* _Exercise inputs_:
Segment Open

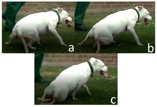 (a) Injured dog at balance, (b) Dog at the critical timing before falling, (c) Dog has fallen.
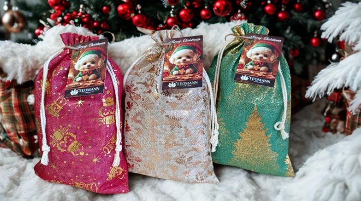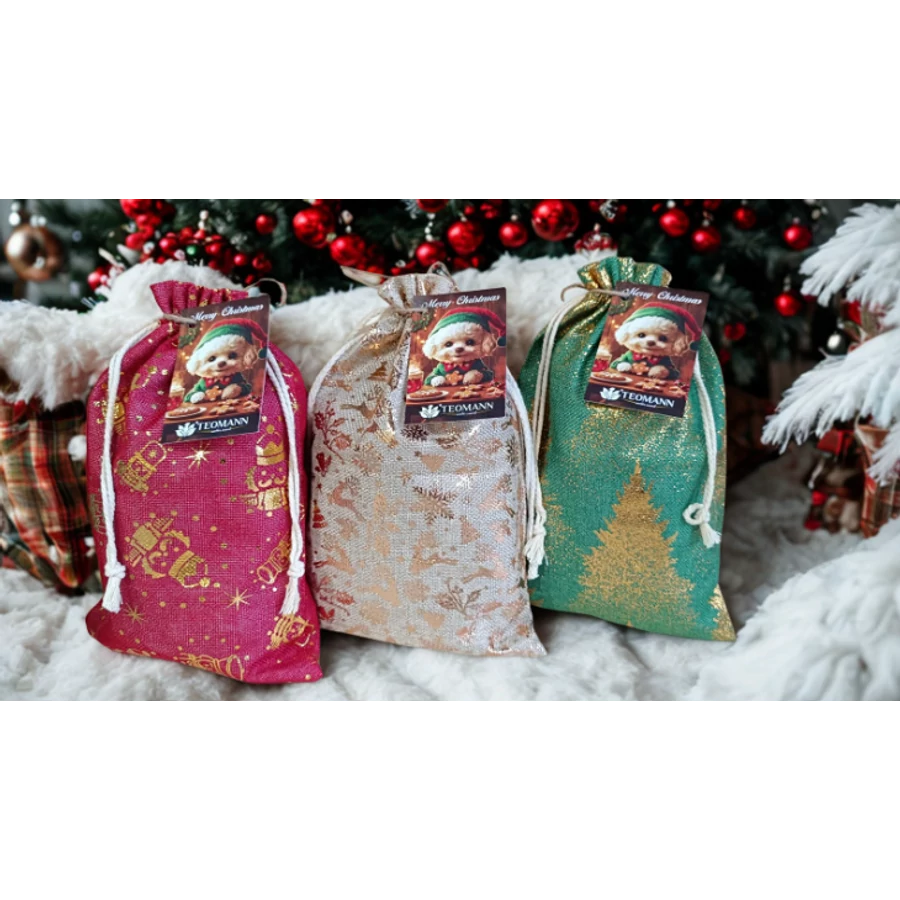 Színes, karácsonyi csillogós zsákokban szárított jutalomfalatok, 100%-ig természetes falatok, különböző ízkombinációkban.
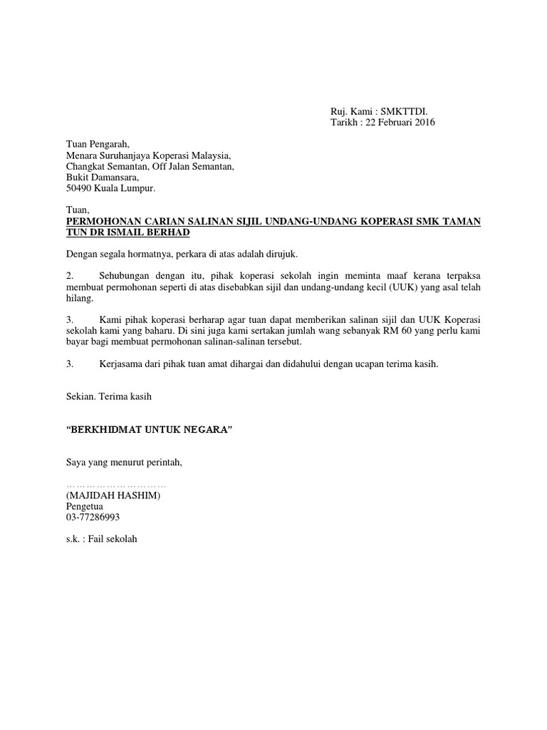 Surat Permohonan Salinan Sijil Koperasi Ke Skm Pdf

Segment Closed
Segment Open

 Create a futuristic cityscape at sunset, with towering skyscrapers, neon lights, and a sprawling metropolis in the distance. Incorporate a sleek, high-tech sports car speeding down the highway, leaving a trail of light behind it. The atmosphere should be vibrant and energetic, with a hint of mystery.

Segment Closed

* _The task_: Write back word for word every line in the entries above from the one with "(a) Injured dog" to the one with "Surat Permohonan Salinan", ends included, and none of the pictures.

* _Output for this task_:
 (a) Injured dog at balance, (b) Dog at the critical timing before falling, (c) Dog has fallen.
 Színes, karácsonyi csillogós zsákokban szárított jutalomfalatok, 100%-ig természetes falatok, különböző ízkombinációkban.
 Surat Permohonan Salinan Sijil Koperasi Ke Skm Pdf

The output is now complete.